FROM 1-13. Across the Equator &1st circumnavigation

May 08, 2005 - 1030hrs UTC

1030hrs 08 May 2005 UTC Map Ref 207

We are almost exactly half way between Africa and South America, about 1200 miles NE of the mouth of the Amazon. Too far for any noticeable change in the colour of the water. Going just west of North which is as good as we could hope for in the NE Trades. Low overcast with rain showers – unexpected and indicates a warm front somewhere close, probably coming up from the south.

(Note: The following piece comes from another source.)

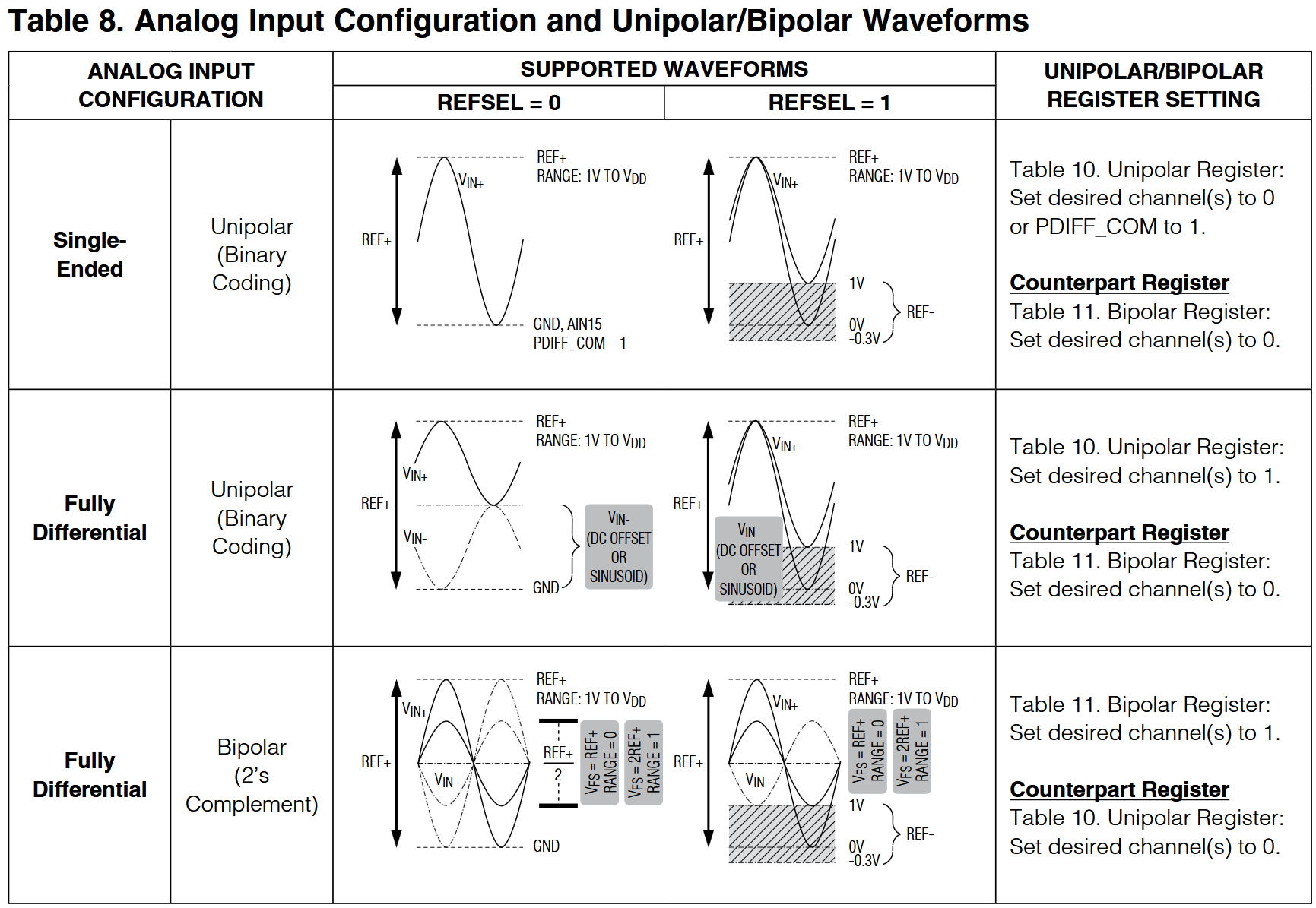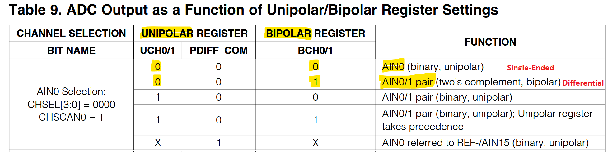 In single-ended case: Each ADC contains 16 channels, which are sampled one after each other. Hence, 16 +1 SPI messages are required to sample and send the 16 channel values.

Apologies for the tedium of these updates – the old bus shelter is still rattling around the studio floor and we’re still throwing more cans at the mock up ISS but that’s not news any more and I’m reluctant to make jokes about nothing much happening – even this old grizzlehead has some tendrils of superstition somewhere between its ears. So we sit and luxuriate in the fact that we are going north and it’s cool(ish) and we haven’t yet lost the capacity to Consult albeit by LMC.

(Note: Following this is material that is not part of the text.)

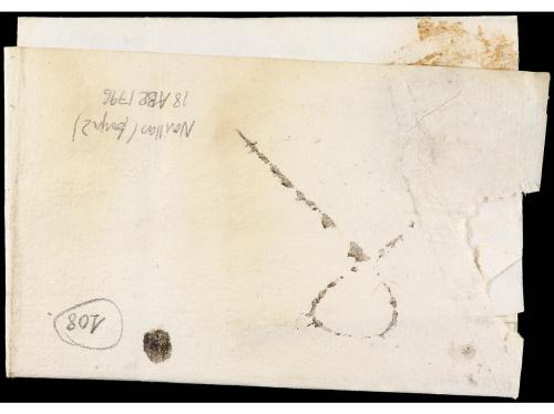 ESPAÑA: PREFILATELIA. 1796. BORJA a CALAF. Marca ARA/GON (nº 2) en tinta de escribir.

One of the most difficult things to contend with – I’ve found anyway – is that to get even the smallest non-routine fix or job done, it is usually necessary to unpack half the boat to get at the part or tool that is needed. We lost the pin from the autopilot some weeks ago somewhere in the saloon and I improvised with a shackle pin but today I decided it was time to find the proper pin and stop the thing from jumping around in its slot. This meant untying our plastic drawers full of dried food which sit on the jerry cans, moving them to a bunk (quite heavy – about 20 kilos) unlashing 4 of our 6 jerrycans from their stowage between the bunks, unlashing and moving a 20 litre water container from the base of the mast, removing all the padding, shifting all the bits and pieces that had jammed themselves in the available spaces – spare nav lights, coils of string, bubble wrap, deck shoes (pongy with ferals) – moving 15 metres of spare anchor chain out of the bilge forward of the mast, – bringing the big lantern from the cockpit and finding nothing, so removing the floorboard aft of the mast, pumping a few inches of water from the bilge and whoopee there it is, right at the deepest part of the boat. So, having found it, all that stuff had to be repacked, lashed in again and tidied up. Then I had to find the tools to actually replace the pin in the autopilot arm. Perhaps an hour’s work for a five minute fix. So the tendency is to put off non-essential fixes.

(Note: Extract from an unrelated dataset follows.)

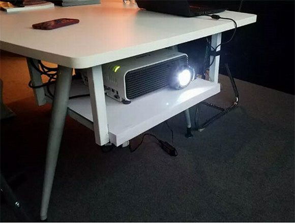 大范圍鏡頭位移使其可實現(xiàn)桌下隱藏式安裝,節(jié)省了桌面空間,為小面積辦公室或會議室應用帶來了很大便利;同時,電腦和投影機可通過Wi-Fi直接連接進行無線投影。

A bit more purple stuff about night sailing: last night, very dark, no moon, as I was sitting in the cockpit contemplating the sound of one hand clapping, I noticed from the corner of my eye strange lights astern. At first, I thought they were just reflections from the very bright stern light at the masthead, but they were greenish and all over the place. I went and stood right at the stern and wow! quite uncanny – little explosions of phosphorescence, as bright as a strobe light under water, about half a metre wide, going off in our wake and all around the boat, far enough away from it not to have been caused by its passage and even 20 -30 metres ahead. Never seen anything like it before, perhaps caused by fish – not dolphins, which leave long trails – and quite wonderful. It lasted for about an hour.